FPIs have been on a selling spree in the Indian market since the middle of last fiscal due to rising inflation rates, growing hawkishness among global central banks as well as in India, the ongoing Russia-Ukraine war and the consequent rise in crude oil prices, predicted slowdown in global economic growth. FPIs pulled out ₹2.06 lakh crore from Indian equities between October 2021 and May 2022 after making a record net investment of ₹2.74 lakh crore in FY21.

“On the global front, there are concerns of exchange rate fluctuation and if there is an aggressive rate hike by the US Federal Reserve this may lead to an appreciation of the dollar rate, rising bond yields in the US etc. Also, the continued war between Russia and Ukraine is impacting crude prices,” said Manoj Purohit, Partner and Leader – Financial Services Tax, BDO India. 
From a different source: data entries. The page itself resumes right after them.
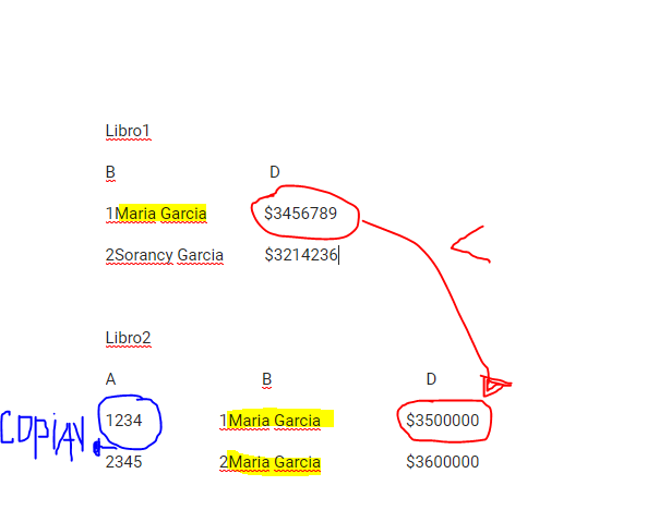 Claro está que deben coicidir los nombres ósea si me busca maria en el libro 1 y lo encuentra en el libro 2 qué hay si me haga el resto.
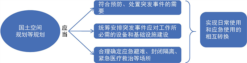 国土空间规划 等规划应当符合预防、处置突发事件的需要,统筹安排突发事件应对工作所必需的设备和基础设施建设,合理确定应急避难、封闭隔离、紧急医疗救治等场所,实现日常使用和应急使用的相互转换。 PO1lZ4cnlaJB0X93FwdviCHtP43IOG+B4DYY9nqbgm6ImOumDTWO1NJ/LlHLpTCY
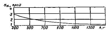Рис. 4. Зависимость расстояния до экстремальной точки на закруглении в плане с переходными кривыми от параметра клотоиды
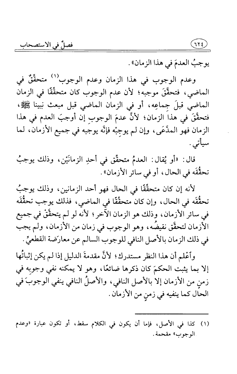 وعدم الوجوب في هذا الزمان وعدم الوجوب متحقِّقٌ في الماضي فتحقَّقَ موجبه لأن عدم الوجوب كان متحقِّقًا في الزمان الماضي قبلَ جِماعِه أو في الزمان الماضي قبل مبعث نبينا صلى الله عليه وسلم فتحقَّقَ في هذا الزمان لأنَّ عدمَ الوجوبِ إن أوجبَ العدم في هذا الزمان فهو المدَّعَى وإن لم يوجبه في جميع الأزمان لما سيأتي
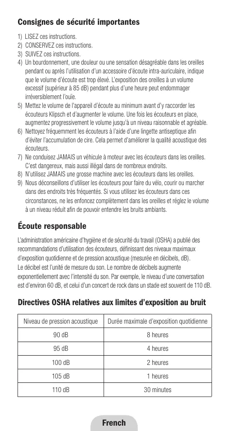 1) LISEZ ces instructions. 2) CONSERVEZ ces instructions. 3) SUIVEZ ces instructions. 4) Un bourdonnement, une douleur ou une sensation désagréable dans les oreilles pendant ou après l'utilisation d'un accessoire d'écoute intra-auriculaire, indique que le volume d'écoute est trop élevé. L'exposition des oreilles à un volume excessif (supérieur à 85 dB) pendant plus d'une heure peut endommager irréversiblement l'ouïe. 5) Mettez le volume de l'appareil d'écoute au minimum avant de y raccorder les écouteurs Klipsch et d'augmenter le volume. Une fois les écouteurs en place, augmentez progressivement le volume jusqu'à un niveau raisonnable et agréable. 6) Nettoyez fréquemment les écouteurs à l'aide d'une lingette antiseptique afin d'éviter l'accumulation de cire. Cela permet d'améliorer la qualité acoustique des écouteurs. 7) Ne conduisez JAMAIS un véhicule à moteur avec les écouteurs dans les oreilles. C'est dangereux, mais aussi illégal dans de nombreux endroits. 8) N'utilisez JAMAIS une grosse machine avec les écouteurs dans les oreilles. 9) Nous déconseillons d'utiliser les écouteurs pour faire du vélo, courir ou marcher dans des endroits très fréquentés. Si vous utilisez les écouteurs dans ces circonstances, ne les enfoncez complètement dans les oreilles et réglez le volume à un niveau réduit afin de pouvoir entendre les bruits ambiants.
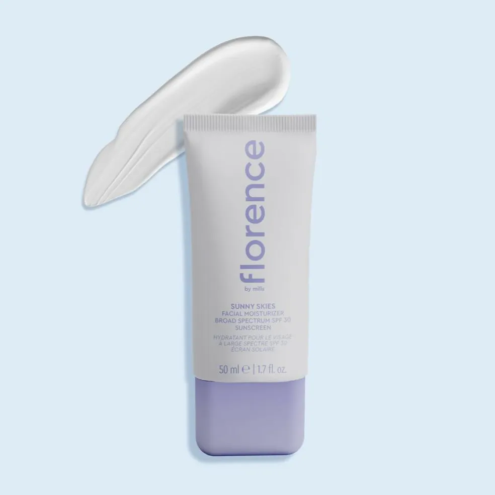 Sunny Skies Face Moisturizer Broad Spectrum SPF 30 Sunscreen har en let konsistens, der giver huden en jævn og glat finish uden en hvid eller synlig hinde.
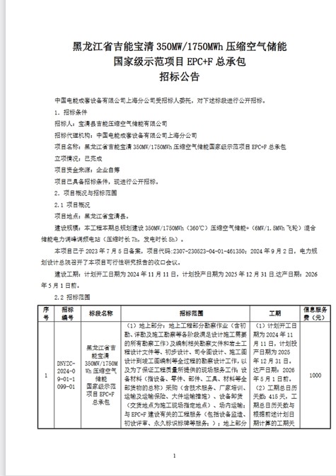 中國(guó)儲(chǔ)能網(wǎng)訊:9月30日,寶清縣吉能壓縮空氣儲(chǔ)能有限公司發(fā)布黑龍江省吉能寶清350MW/1750MWh壓縮空氣儲(chǔ)能?chē)?guó)家級(jí)示范項(xiàng)目EPC+F總承包招標(biāo)公告。
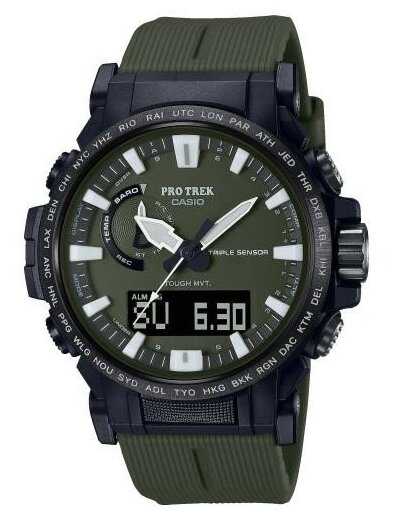 ударопрочность, солнечная батарея, радио-синхронизация, компас, термометр, высотомер (альтиметр), барометр, антимагнетизм, хронограф, таймер, будильник, индикатор запаса хода, мировое время, 12/24-часовое отображение времени
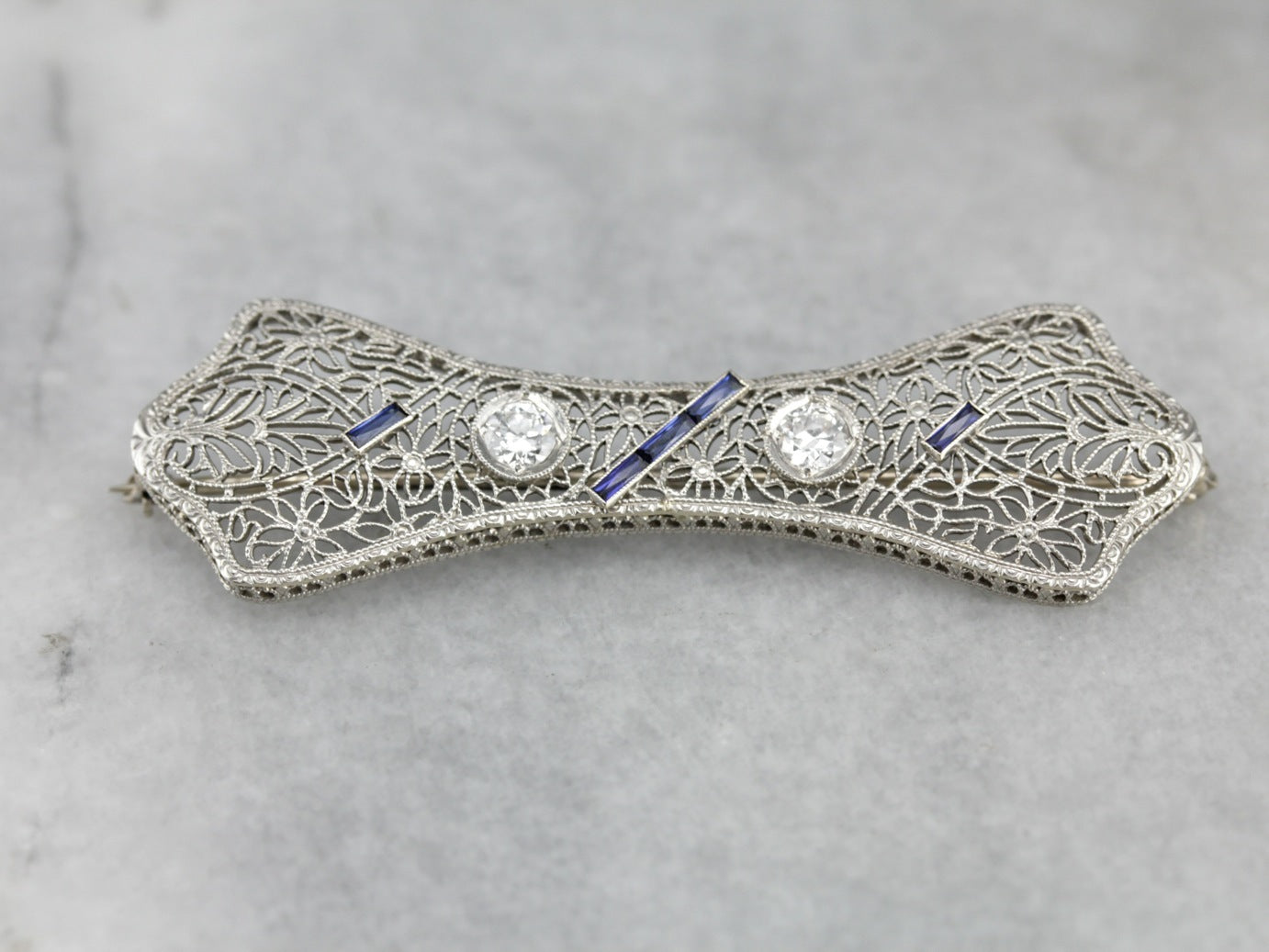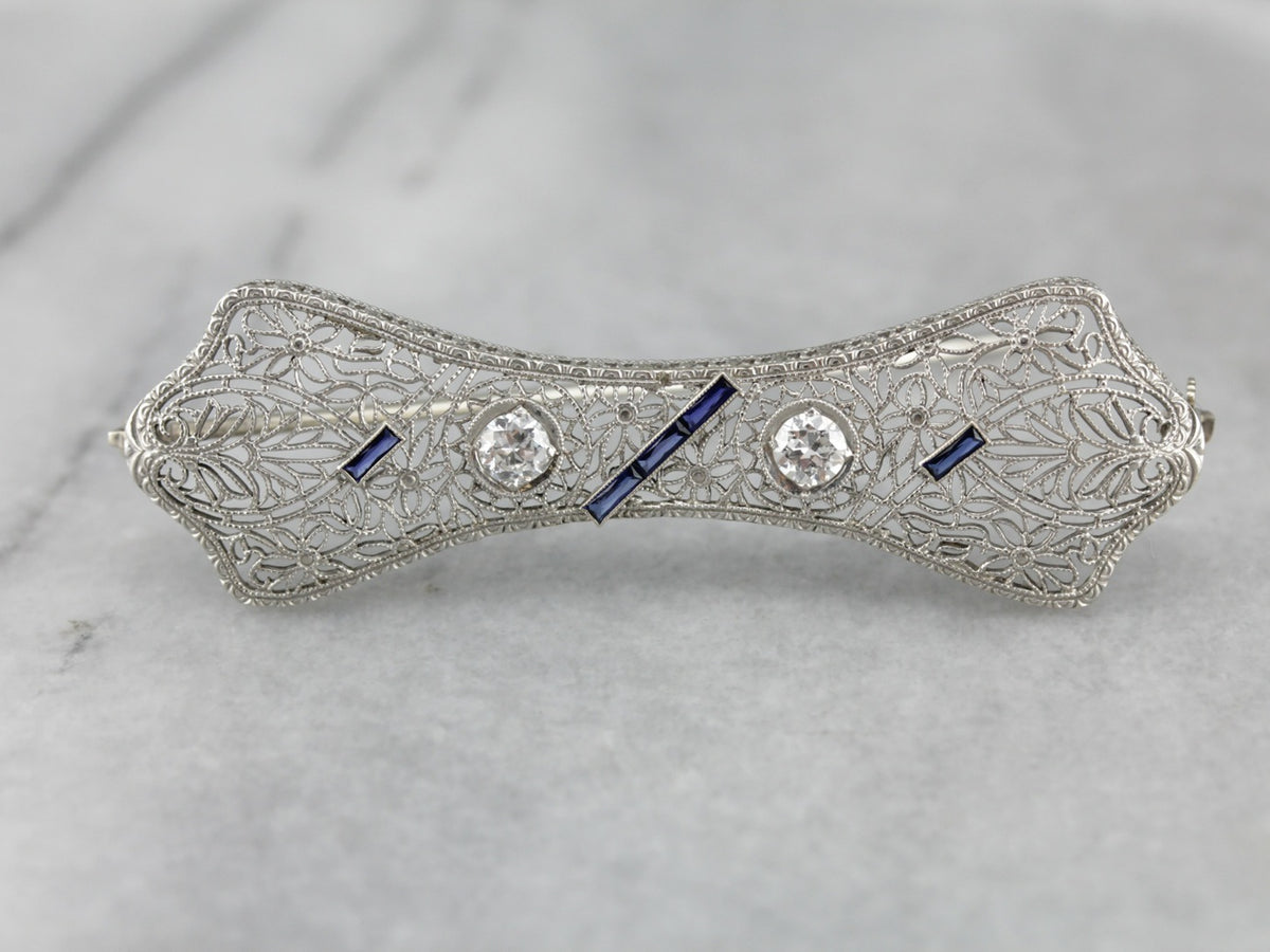 The delicate, lace-like filigree of this pin is the very definition of the Art Deco era! Created by die stamping, even the finest filigree of this era is incredibly strong and tough. The center of this beauty is set with a beautiful blue sapphire, likely synthetic as that was the norm for this era. To either side is set an exquisite diamond! This old mine cut stones weigh over one-fifth of a karat each! Feminine and sophisticated, this pin will look lovely worn on a lapel or sweater... or even on a wedding veil or bouquet ribbon!

Purohit added that on the domestic front, concerns over rising inflation, the expectation of further hikes in the rates by the RBI and monetary policy changes are key factors that may impact the overall economic growth. “The sentiments of large foreign investors have made them conservative while investing in the Indian market since there is a fear that high inflation could hamper business and ultimately consumer spending.” 

Waterfield Advisors’ Valia said though any reversal inflow seems unlikely in the short term, he expects the pace of outflow to slow down. “This is because of anticipated further rate hikes by the US Fed and other central banks this year. Flows back to emerging markets like India will depend on inflation tapering off and the emergence of growth concerns in the US over the next few months.”